WHAT IS NEEDED
Starting at the first line of the listing below, retype each line up to and including the one that contains "Elgin Military Wach". Leave pictures out.

COLLECTED DATA
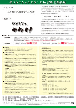 お待たせしました。「杉コレ2012 in 宮崎」が発表されました。!今年はメインテーマ「みんなが笑顔になれる場所」作品テーマが「一人じゃヤタイ」。宮崎市のど真ん中で作品を実際に使用しながらの開催です。楽しく、感動的なヤタイデザインの提案をお待ちしています。 詳しくは下記からダウンロード下さい。 |
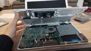 L’intervention a consisté à déposer le disque défaillant, installer le SSD, puis remettre le système en état de fonctionnement sur une base propre, afin de garantir fiabilité et réactivité.
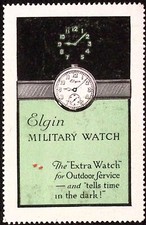 Elgin Military Wach Tells Time in the Dark Advertising Poster Stamp c1920s
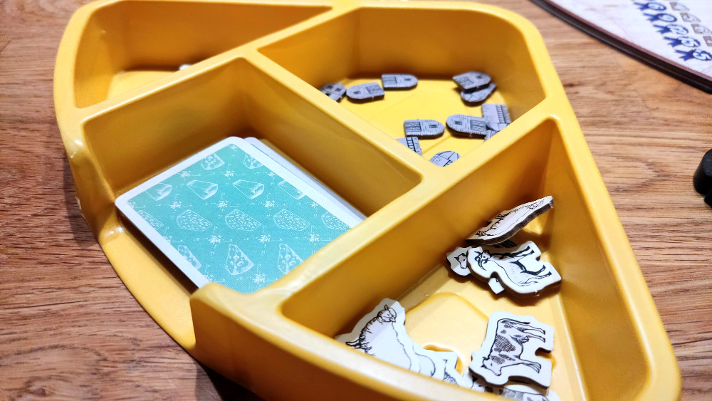 Was sich unfassbar anfühlt, ist die geringe Spielzeit. Natürlich logisch, weil wir simultan spielen, aber hier sitzen wirklich vier Personen, bei einem seichten, aber fordernden und interaktiven Brettspiel nur 30 Minuten am Tisch. Wenn es interaktiver wird und die Spielerfahrung steigt, werden es vielleicht auch 45 Minuten. Das ist trotzdem unfassbar wenig im Vergleich. Auch die Anpassung an die Personenanzahl ist vorbildlich, weil über das Double-Layer-Spielbrett andere Aktionsfelder eingeschoben werden. Mein größter Kritikpunkt ist am Ende einfach das verwirrende Konzept des fehlenden Engine-Building. Daraus kann ich dem Spiel an sich keinen Vorwurf machen, aber auch wenn alles nach Käse schreit, aussieht und fast riecht, fühle ich den Käse zu keiner Zeit. Als Fan von thematischer Verankerung trotzdem ein Downer.

SOLUTION FOR THIS EXERCISE
 お待たせしました。「杉コレ2012 in 宮崎」が発表されました。!今年はメインテーマ「みんなが笑顔になれる場所」作品テーマが「一人じゃヤタイ」。宮崎市のど真ん中で作品を実際に使用しながらの開催です。楽しく、感動的なヤタイデザインの提案をお待ちしています。 詳しくは下記からダウンロード下さい。 |
 L’intervention a consisté à déposer le disque défaillant, installer le SSD, puis remettre le système en état de fonctionnement sur une base propre, afin de garantir fiabilité et réactivité.
 Elgin Military Wach Tells Time in the Dark Advertising Poster Stamp c1920s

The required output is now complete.